Do data analysts use R or Python more? ›

While Python dominates the business environment, R is dominant in research. This is an important factor to consider when choosing your first programming language for data analysis – are you looking for a career in business or academia? Let's take a look at other important factors to take into account.

Is Python or R more in demand? ›

Python is more popular and has a vast user base. Primary users of python include developers and programmers. R is less popular among users. Its users include scientists and Research & Development who frequently rely on data analysis.

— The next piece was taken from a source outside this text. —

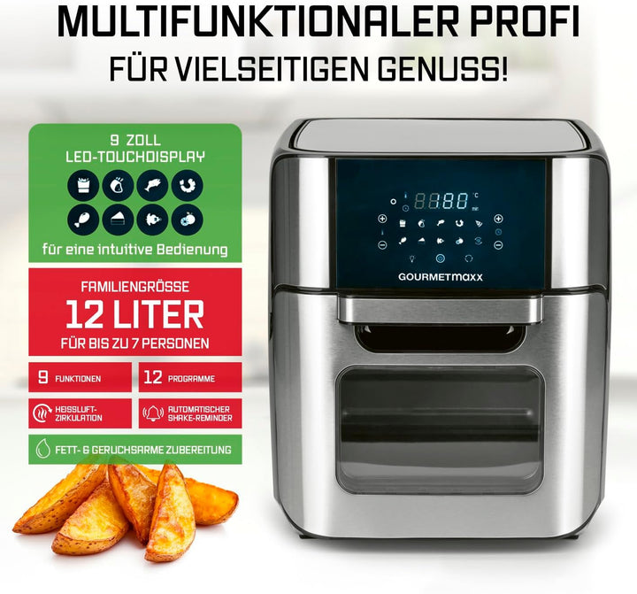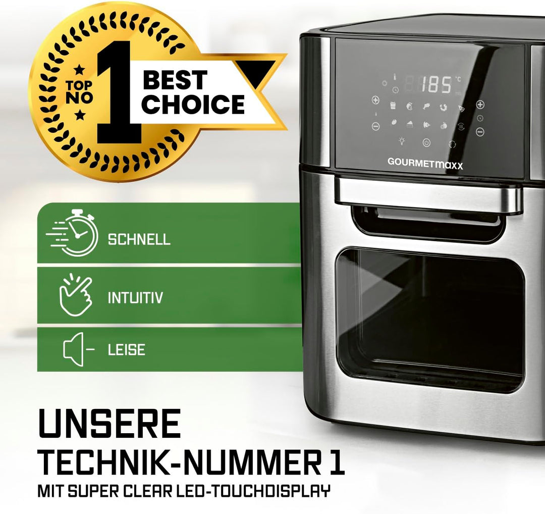 - FRITTEUSE OHNE ÖL - Die GOURMETmaxx Heissluftfritteuse macht es Ihnen möglich besonders fettarm und schonend zu kochen. Sie hält konstant die gewählte Temperatur, sodass jedes Gericht per Timer perfekt und auf den Punkt zubereitet werden kann.

What is fastest programming language? ›

Go, also known as Golang, is a programming language developed by Google. It compiles to Assembly like most of the other languages here, but it has more modern features, simpler syntax, and is easier to write than the long-time leader of fast programming languages, C/C++.

Is R is a slow language? ›

While R is slow compared to other programming languages, for most purposes, it's fast enough.

Does R run faster than Rstudio? ›

I just noticed that the same codes run much faster in R launched from the server's terminal than in Rstudio Server, and the difference is quite significant. For example, I wrote a heavy R script that handles a large amount of data (>10GB).

Why is R so slow? ›

There is a lot of overhead in the processing because R needs to check the type of a variable nearly every time it looks at it. This makes it easy to change types and reuse variable names, but slows down computation for very repetitive tasks, like performing an action in a loop.

Videos

1. R programming in one hour - a crash course for beginners
(R Programming 101)
2. R Tutorial For Absolute Beginners [2021]
(Algovibes)
3. Learning R in RStudio: corrplot
(R at Colby)
4. R Programming Full Course for 2022 | R Programming For Beginners | R Tutorial | Simplilearn
(Simplilearn)
5. R programming for ABSOLUTE beginners
(R Programming 101)
6. R with RStudio: Getting Started
(UQ Library)
Top Articles
Latest Posts
Article information

Author: Horacio Brakus JD

Last Updated: 02/28/2023

Views: 5719

Rating: 4 / 5 (71 voted)

Reviews: 94% of readers found this page helpful

Author information

Name: Horacio Brakus JD

Birthday: 1999-08-21

Address: Apt. 524 43384 Minnie Prairie, South Edda, MA 62804

Phone: +5931039998219

Job: Sales Strategist

Hobby: Sculling, Kitesurfing, Orienteering, Painting, Computer programming, Creative writing, Scuba diving

Introduction: My name is Horacio Brakus JD, I am a lively, splendid, jolly, vivacious, vast, cheerful, agreeable person who loves writing and wants to share my knowledge and understanding with you.